Une source proche de M. Legault m’a rassuré et affirmé catégoriquement que le chef de la CAQ aurait présenté cette patente même en l’absence de ma chronique de la semaine dernière. « On n’improvise pas une sortie comme ça », ajoute la source, qui précise que, pour décarboner l’économie, « le cocktail éolien-hydroélectricité est le meilleur cocktail qui soit ».
De là à savoir où seraient construits les barrages qui permettraient de concocter ce cocktail, il y a encore loin de la coupe aux lèvres. Les annonces quotidiennes du premier ministre sortant sont chiffrées presque au sou près — 21 millions de dollars pour un programme agroalimentaire dans les écoles primaires, 235 millions pour l’hospitalisation à domicile —, mais sur les barrages, rien.
Tant mieux : pour l’instant, toute évaluation des coûts relèverait de la politique-fiction. François Legault n’a même pas sondé Sophie Brochu, la PDG d’Hydro-Québec, sur la faisabilité d’un tel projet. Et pourtant la question se pose. Face à une résistance acharnée des groupes autochtones, le projet Grande-Baleine cher à Bourassa — un gigantesque complexe au nord de celui qui porte désormais son nom — s’est soldé par un échec. Jacques Parizeau a annoncé son annulation en 1994, après son élection. François Legault saura-t-il mieux que Robert Bourassa et Daniel Johnson fils, il y a 30 ans, mener à terme un mégaprojet hydroélectrique ?
Il arrive à François Legault de changer d’avis. Ç’a été le cas pour la réforme électorale, qu’il avait promise de concert avec les chefs des autres partis d’opposition en 2018 avant d’estimer, une fois au pouvoir, que personne n’en voulait. Idem pour sa suggestion, au plus fort de la pandémie, de taxer les non-vaccinés, projet qu’il a dit avoir abandonné pour préserver la paix sociale (et qui, de plus, aurait été extrêmement difficile à appliquer).
Son annonce a au moins le mérite de souligner l’énorme demande en énergie propre que suppose la cible de la carboneutralité en 2050. De deux choses l’une : ou bien il faudra consommer moins d’énergie, ou bien il faudra en produire plus. Restreindre la croissance de la demande, ça sent l’austérité. Il n’est pas surprenant que François Legault y soit allergique.
On peut douter de l’opportunité du choix de l’hydroélectricité et surtout de sa faisabilité. Je serais moi-même étonné de voir de nouveaux barrages s’ériger au Québec. Il faut se rappeler à quel point le projet Grande-Baleine a suscité de l’opposition non seulement chez les Cris et les Inuits du Québec, mais chez les groupes écologistes à l’échelle internationale. François Legault évoque souvent le manque d’« acceptabilité sociale » pour justifier la fin de non-recevoir qu’il oppose au projet de GNL au Québec. On verrait vite si le même critère permettrait de meilleurs résultats pour l’hydroélectricité produite sur des terres ancestrales du Nord. Un indice : la publication canadienne de gauche Rabble qualifie les nouveaux projets hydroélectriques ailleurs au Canada de « génocide faussement vert ».
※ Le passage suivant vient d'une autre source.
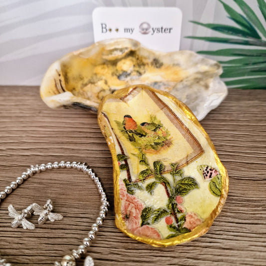 Vintage Floral Bird Rose Oyster Shell Trinket Dish

Ce qu’on retient de la surprenante annonce de M. Legault, c’est que même une élection qui paraissait d’entrée de jeu peu intéressante — tant le résultat semblait programmé — impose des choix difficiles et importants aux candidats. C’est le cas du débat sur les seuils d’immigration, sur la langue et la laïcité, sur l’utilisation du Fonds des générations ou encore sur l’opportunité d’envoyer des chèques tous azimuts pour atténuer les effets de l’inflation.
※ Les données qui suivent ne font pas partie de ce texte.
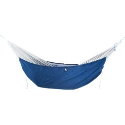 Der Moonquilt von Ticket on the Moon hält den Rücken und deine Beine warm, während man sich in der Hängematte frei bewegen kann. Bei windigem Wetter kann man den synthetischen Drei-Jahreszeiten-Underquilt mit dem Reißverschluss schließen, so dass er einen selbst und die Hängematte vollständig umhüllen. Mit den zwei Reißverschlüssen und den verstellbaren Gummikordeln kann man den Grad der Isolierung bequem von der Hängematte aus einstellen. Das Packen ist mit dem intelligenten Kompressionsbeutel, der neben dem Moonquilt, auch eine Hängematte, ein Moskitonetz und die Aufhängungen fasst, ein Kinderspiel – so kann man das System in weniger als einer Minute, in einem Rutsch, auf- und abbauen (Tarp, Moskitonetz, etc. als Zubehör erhältlich). Kleine Taschen an den Ecken sorgen dafür, dass Kordeln und Minikarabiner ordentlich verstaut sind, wenn man den Moonquilt als Schlafsack oder Decke, verwenden möchte.

N’étant pas québécois, je ne veux pas trop prodiguer des conseils aux lecteurs. Je note seulement que l’époque est peu propice à l’esquive. De grandes décisions doivent se prendre à un rythme sans précédent, qu’on le veuille ou non. C’est peut-être ce dont Emmanuel Macron parlait lorsqu’il a évoqué la fin de l’insouciance.